Assayas, le spécialiste
des films dont on oublie le titre, a encore frappé…
Son avant-dernier film parlait de trois femmes qui se prenaient
le chou sur des histoires de rôle à jouer et à
tenir et s'appelait Sils
Maria, juste le nom du village où se passait l'action
(enfin, l'action, c'est beaucoup dire). Un peu comme si le E.T.

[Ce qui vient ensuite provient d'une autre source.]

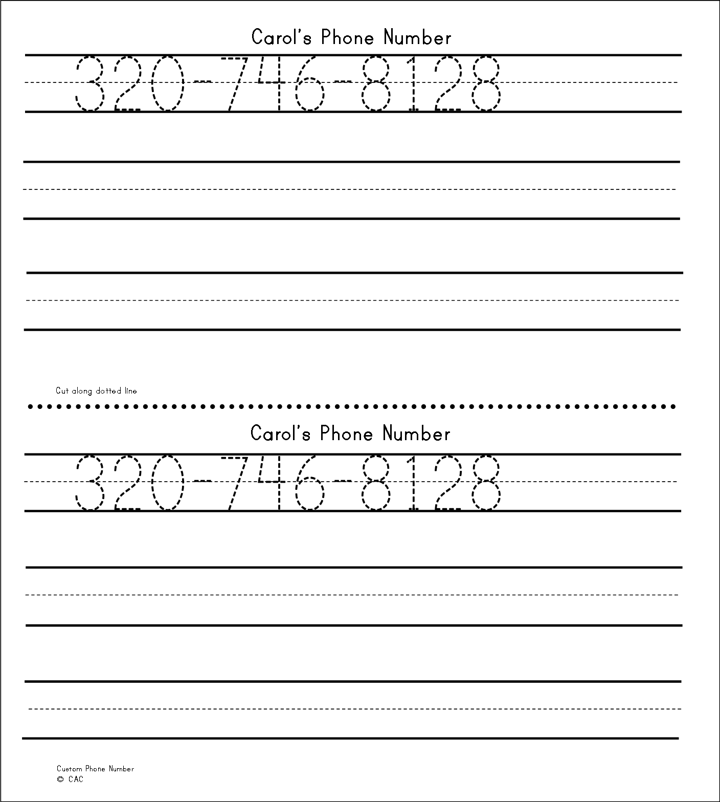 Carol's personalized phone number packets are customized for each child. Each packet will include 50 pages. This is a great educational tool to help children learn their phone number.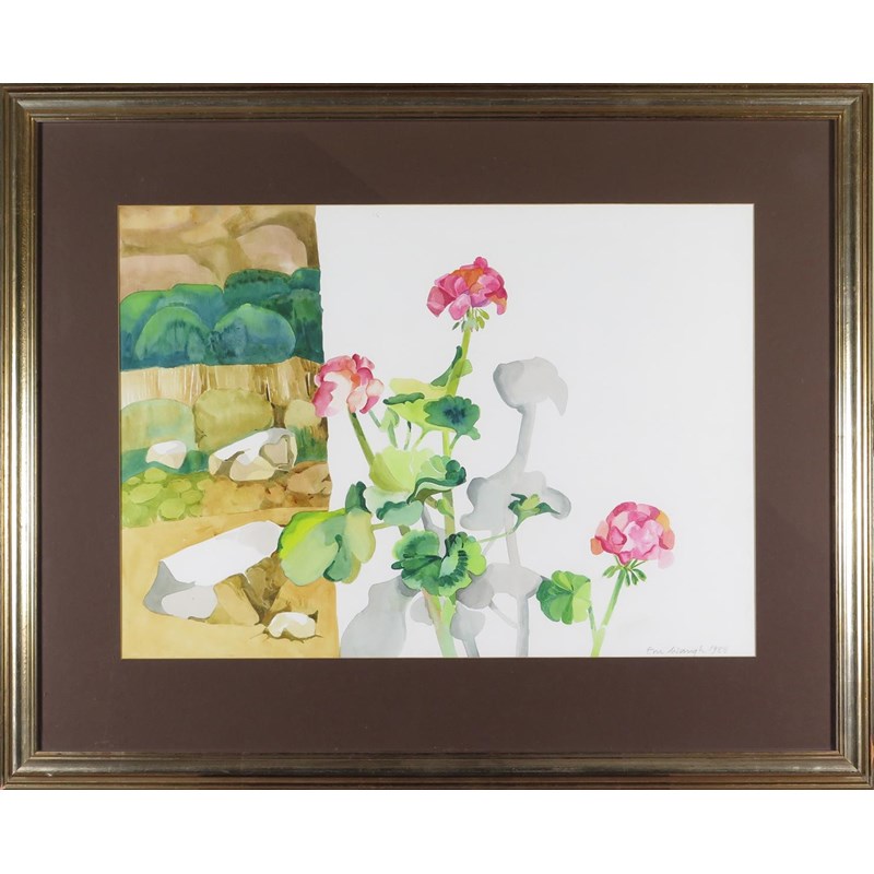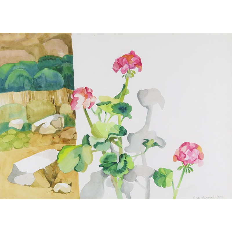 ‡Eric Waugh (20th Century) Geraniums on a windowsill Signed and dated 1980 Watercolour 53 x 74cm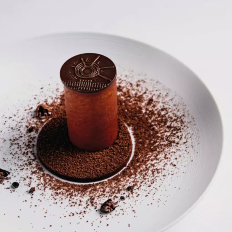 Entremets Dulcey, cœur de pommes rôties au beurre salé, croustillant spéculoos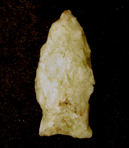 This is another example of a stone arrow head used by the indigenous inhabitants of the New World prior to the arrival of the Euro-Americans. This arrowhead was found in the region encompassed by present-day Bedford County. Its shape suggests that it comes from the Archaic cultural period which lasted from approximately 8000 BC to 1000 BC.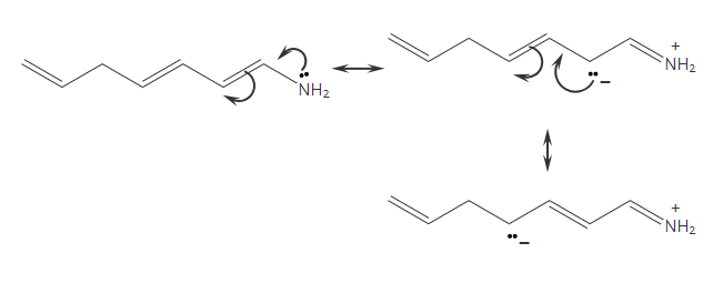 A lone pair on nitrogen forms a double bond with an adjacent carbon. The adjacent π bond shifts, creating a new location for the electron density. A formal charge appears on the nitrogen (+) and possibly a negative charge at the end of the conjugation path.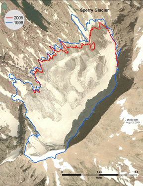 This is a map of the margin of Sperry Glacier in 1998 and 2005.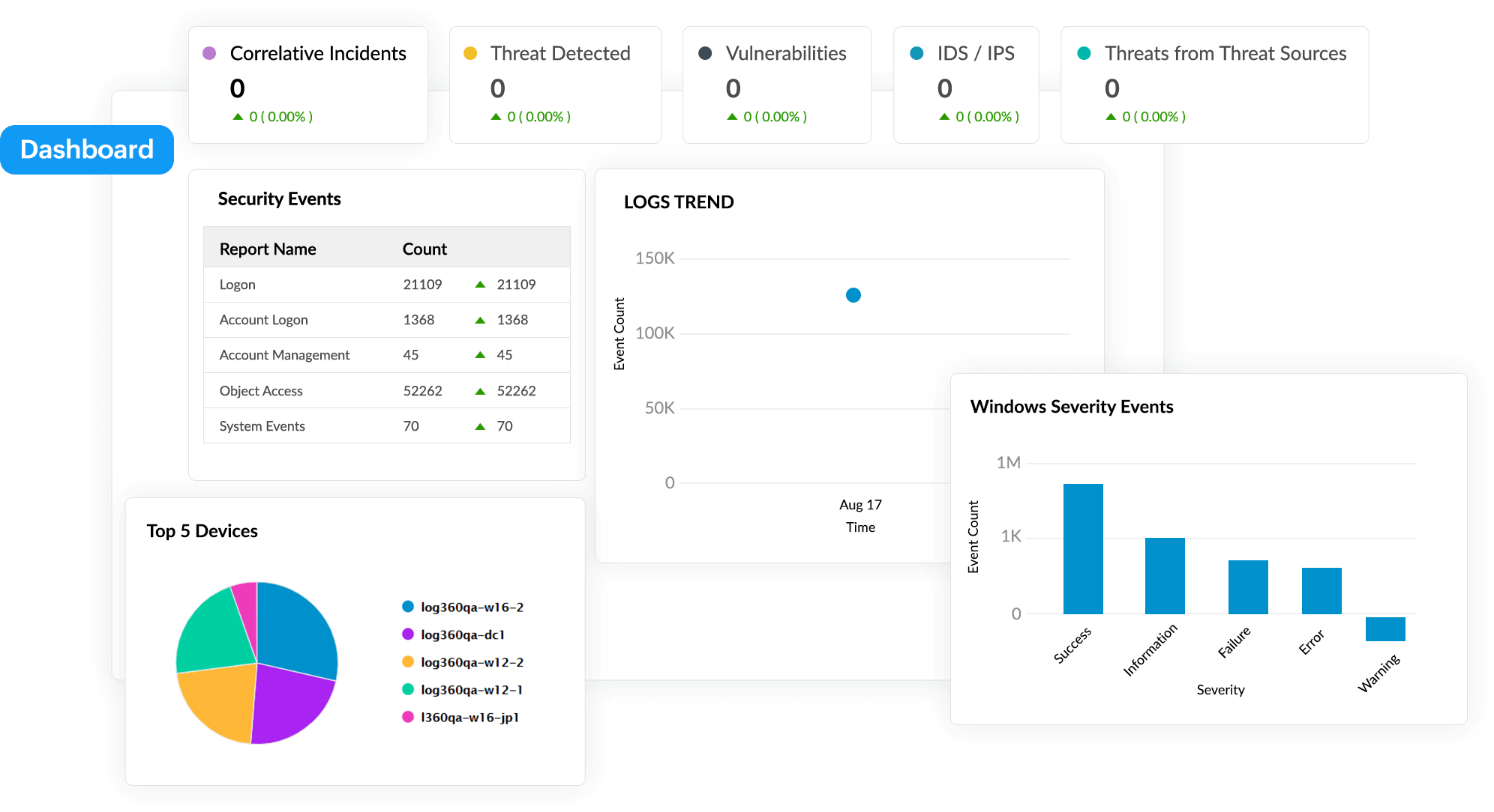 Log360 är en omfattande lösning för säkerhetsinformation och händelsehantering (SIEM som är utformad för att möta SOC:s utmaningar. Den hjälper SOC att upptäcka hot, identifiera avvikande användarbeteenden, spåra misstänkt nätverksaktivitet medrealtidsvarningar, systematiskt hantera säkerhetsincidenter med arbetsflödeshantering, följa upp incidenthanteringsprocesser med sitt inbyggda ärendehanteringssystem, genomföra regelbundna säkerhetsgranskningar, skydda känsliga data med hjälp av filintegritetsövervakning och mycket mer. Log360 hjälper också till att uppfylla regelverkskrav för PCl DSS, HIPAA, FISMA, SOX, GDPR, GLBA och mer med sitt integrerade system för efterlevnadshantering.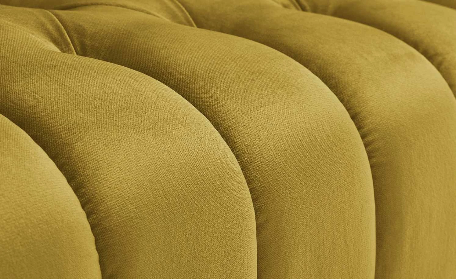 Das Big Sofa Canyon ist ein Eyecatcher im Vintage-Design. Es fällt durch seine vielen schönen Details auf. Die geschwungene Formgebung von Rückenlehne und Armlehnen und die Steppungen mit Zierknöpfen erinnern an den klassischen Chesterfield-Stil. Selbst die stabilen Massivholzfüße des Sofas sind dekorativ gearbeitet. Canyon ist mit einem Samtstoff bezogen – einschließlich der gesamten Rückseite. Der Bezug fühlt sich angenehm weich an und hat ein glänzendes Finish. Er bringt die Farbe wunderbar zur Geltung. Neben der Optik punktet das Big Sofa mit einem bequemen Sitzkomfort. Dafür sorgen die dicke Polsterung mit gut abfedernder Wellenunterfederung und die angenehme Sitztiefe.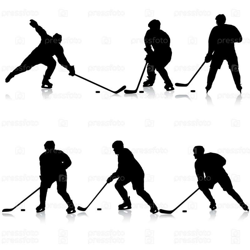 Набор силуэтов хоккеиста. Изолированные на белом

de Spielberg s'était appelé Porter Ranch, du nom du
quartier de Los Angeles où se trouve la maison d'Eliott.
Boarding
gate (un autre film d'Assayas), c'est bien une porte d'embarquement,
non ? Même en n'ayant que peu de souvenirs du film, le rapport
avec le sujet semble un peu flou…
Personal Shopper, c'est l'histoire d'une jeune femme dont
le frère est mort et tente de communiquer avec lui (elle
est medium, ça peut aider). Et le titre du film fait référence
à son métier, choisir des vêtements pour une
star qui n'a pas le temps de le faire (non mais franchement, ça
parle à qui, ce genre de boulot ?). Cette façon de
contourner, par le titre, le vrai sujet de ses films, ressemble
à une afféterie, une minauderie intellectuelle, de
la part d'Assayas.
Il est aussi curieux de constater que le réalisateur, pour
la deuxième fois, filme son actrice préférée
du moment, Kristen Stewart, dans le rôle d'une personne au
service d'une autre. Comme un personnage secondaire qui serait finalement
au premier plan. Au passage, l'actrice en question montre ici ses
limites, elle affiche deux expressions, dans l'une elle montre bien
qu'elle fait la tronche, visage fermé impénétrable,
et dans l'autre elle se mord la lèvre, aïe, elle réfléchit
ou elle est contrariée ou elle est surprise ou elle est contente
(euh… non, jamais contente) ou elle ne pense rien. Tiens,
à ce propos, je ne peux que reprendre les mots de Louise
C. sur ce site, dans sa remarque à propos de Sils
Maria : "elle fait très bien la coquille
vide qui fait semblant d'être remplie".
Bon, et le film dont il est question, alors ? (vous avez vu comme
je fais bien l'Assayas, à parler d'autre chose que du sujet
pour lequel vous êtes venus ici… ;-) )
Ce n'est pas désagréable, il y a une fort belle ambiance,
alimentée par quelques longues plages de silence (on y parle
peu, finalement) et par un très beau travail sur la lumière
et sur le son. Sans être réellement inquiétant
c'est assez mystérieux, on se pose mollement quelques questions
qui empêchent de s'ennuyer. Il y a aussi des accélérations
dans le tempo du récit qui apportent pas mal de contrastes
et la fin laisse le libre choix de son interprétation au
spectateur. Qui est le fantôme ? Y a-t-il un fantôme
? Et vous-même, n'êtes-vous pas un fantôme ? Et
c'est quoi, un fantôme ?
Il reste que le récit, entre son prologue et son épilogue,
peut perdre le spectateur en multipliant les esquisses d'intrigues
et en voulant jouer sur tous les tableaux : épouvante (légère),
polar (éventé), mode (et que je te place du produit
de luxe…), références culturelles (Hugo -grand
moment de poilade intérieure avec Biolay en Totor-
et une peintre inconnue Machine-Bidule af Klint -pas
Klimt, hein !- dont on se demande si elle est vraie ou pas
-eh bien si, elle
existe-), et quand même, ouf, parce que ça
reste le principal, psychologique. Mais là c'est raté,
parce que pour la question du deuil, les films récents sont
légion à faire cent fois mieux, de Premier
Contact à Une
semaine et un jour en passant par Réparer
les vivants ou Frantz....
Ah, une dernière chose. L'actrice qui joue la compagne du
frère décédé s'appelle Sigrid
Bouaziz. J'aime beaucoup cette actrice.